The program is open to those whose licenses were suspended for 25 specific offenses — including operating a vehicle without proof of insurance, juvenile delinquency or truancy, failure to stop for a school bus or after an accident and reckless operation.

It is not available to people whose offense involved alcohol, drug abuse or a deadly weapon.

More than 300,000 Ohioans qualify for the amnesty program.

Suspensions and the reinstatement fees — which range from $15 to $650 per offense — can pile up. In 2017, 1.1 million Ohioans had a suspended driver license — nearly 12 percent of those old enough to drive in the state.

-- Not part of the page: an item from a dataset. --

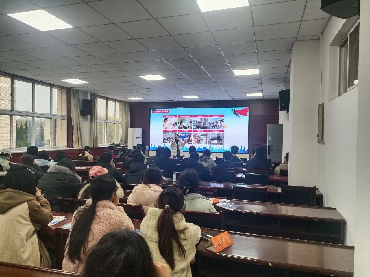 首先,负责人聚焦教育行业现状与企业核心竞争力,系统介绍了学大教育在个性化教育领域的深耕成果。她通过详实的数据和案例,展示了集团在K12基础教育、素质教育及在线教育板块的全方位布局,并强调了企业“以人为本”的教育理念。同时,她还分享了集团近年来在教研创新与团队培养体系上的投入,让在场员工对企业的行业地位和发展前景有了直观而立体的认识。
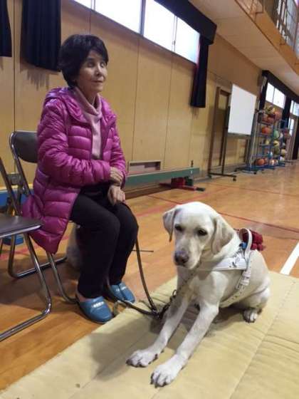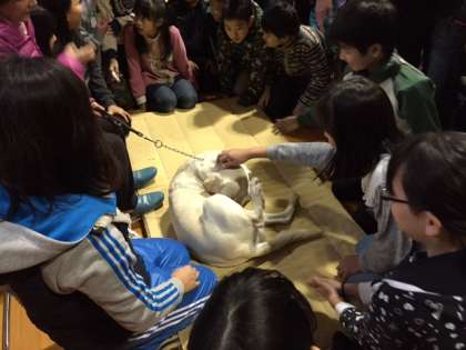 明朗活発だった子どもが、視力を失い、おとなしくて、いるのかいないのかわからない子どもになってしまった。でも、今では何でもやってみないとわからない、だからいろいろなことに挑戦していると自己紹介をされた後、補助犬には「盲導犬」「介助犬」「聴導犬」があること、「盲導犬」の仕事は視覚に障がいのある人が安全に歩けるよう誘導することだけで、着替えを手伝ったり、食事を作ってくれたりはしません。視覚に障がいがある人が外出するときは、予め、頭の中で地図を描いてから出かけます。盲導犬は、「待つ」ことと、「命令に従うこと」ができないといけませんというお話をしてくださいました。ハーネスをつけている間はお仕事中で集中しているフェリシアですが、ハーネスを外してもらった瞬間、普通の犬と同様おなかを見せて寝転んだり、「遊ぼ!」とちょっかいを出してきたりしていました。休憩が終わり、また、ハーネスをつけてもらった途端、山本さんの足元に、「ふせ」の姿勢で寄り添っていました。切り替えがすばらしいと感心しました。山本さんは「最初から無理と決めてしまわないで、まずはやってみること。がんばればできる。」ということを子どもたちに伝えたかったと話しておられました。

The amnesty applicant must have completed all other court-ordered sanctions and have had the license suspension for at least 18 months. People who are indigent can have their reinstatement fees waived and others can have them reduced under the amnesty law.

Child support

Ohio’s child support system received its most sweeping reform in decades this year.

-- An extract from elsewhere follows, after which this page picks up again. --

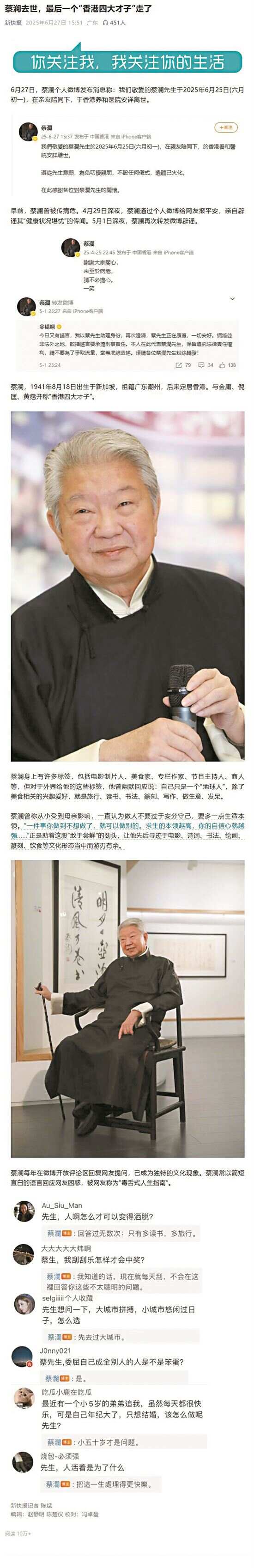 《蔡澜去世,最后一个“香港四大才子”走了》消息背后 2025年6月26日深夜,记者陈斌给值班编辑发来信息:其从饮食界业内人士处得知,蔡澜先生疑似已去世。在那之前,蔡澜已被屡次传出身体抱恙,若离世一事属实,这将是个令人惋惜的新闻!编辑不敢懈怠,一边开始组稿,一边让记者紧盯最新情况。 作为“香港四大才子”之一,蔡澜身上有很多标签:电影制片人、美食家、专栏作家、主持人、商人等,其先后出版过200多部书籍,和李碧华、亦舒并称香港天地图书公司的三大“台柱”,主持的电视节目《蔡澜叹世界》《蔡澜叹名菜》《今夜不设防》等广受欢迎。蔡澜最吸引人的其中一点就是他的睿智豁达——曾连续几年在春节前一个月开放微博评论区,回复网友各种提问,一语中的,时而风趣时而毒舌,被网友亲切地称为“反矫情达人”。蔡澜希望留给后人的印象是什么呢?想必还是他的自在、他的洒脱、他的豁达。思绪至此,编辑迅速整合关于蔡澜的过往报道,并静待进一步的消息。 27日,蔡澜个人微博公布消息:蔡澜先生6月25日已在香港养和医院安详离世。这也意味着,“香港四大才子”均已谢幕。编辑第一时间捕捉到最新消息,加上前期准备充分,迅速在微信公众号发布《蔡澜去世,最后一个“香港四大才子”走了》,同城首发,阅读量将近20万,点赞转发评论数将近1万,网友们纷纷表达不舍:“感恩带给我豁达的人生观与智慧”“记得那年的《今夜不设防》”“潇洒人生,最后的时间里也是那样潇洒”……尤记得蔡澜说过“人生大事,吃喝二字”,真是潇洒自在,舍尔其谁! 新快报新媒体编辑 赵静明

Among the system’s problems is an outdated formula used to calculate payments, $100 million a year in unpaid support and the ease with which non-custodial parents slip into the underground economy to avoid wage garnishments.

The impact of newly-passed legislation on families will vary based on factors such as income, health care coverage, child care arrangements and more.

The reform package will do the following:

  • Update economic data used to calculate orders for the first time since 1992 — the new data will allow for calculation of orders for families with combined income of up to $300,000, up from the current $150,000;
  • Take into consideration parent contributions for health care coverage and medical expenses;
  • Account for shared parenting time;
  • Change the minimum order to $80 a month, up from the current $50 a month;
  • Allow state workers to update child support formula tables, rather than require lawmakers to approve updates;
  • Cap allowable credit given for child care expenses so low-income support payers are limited to sharing half of child care costs; and
  • Establish a "self-sufficiency reserve" to make sure low-income parents don't face child support orders that far exceed their ability to pay.

House Bill 366, the reform package, cleared its final legislative hurdle June 7. The changes will not be applied retroactively.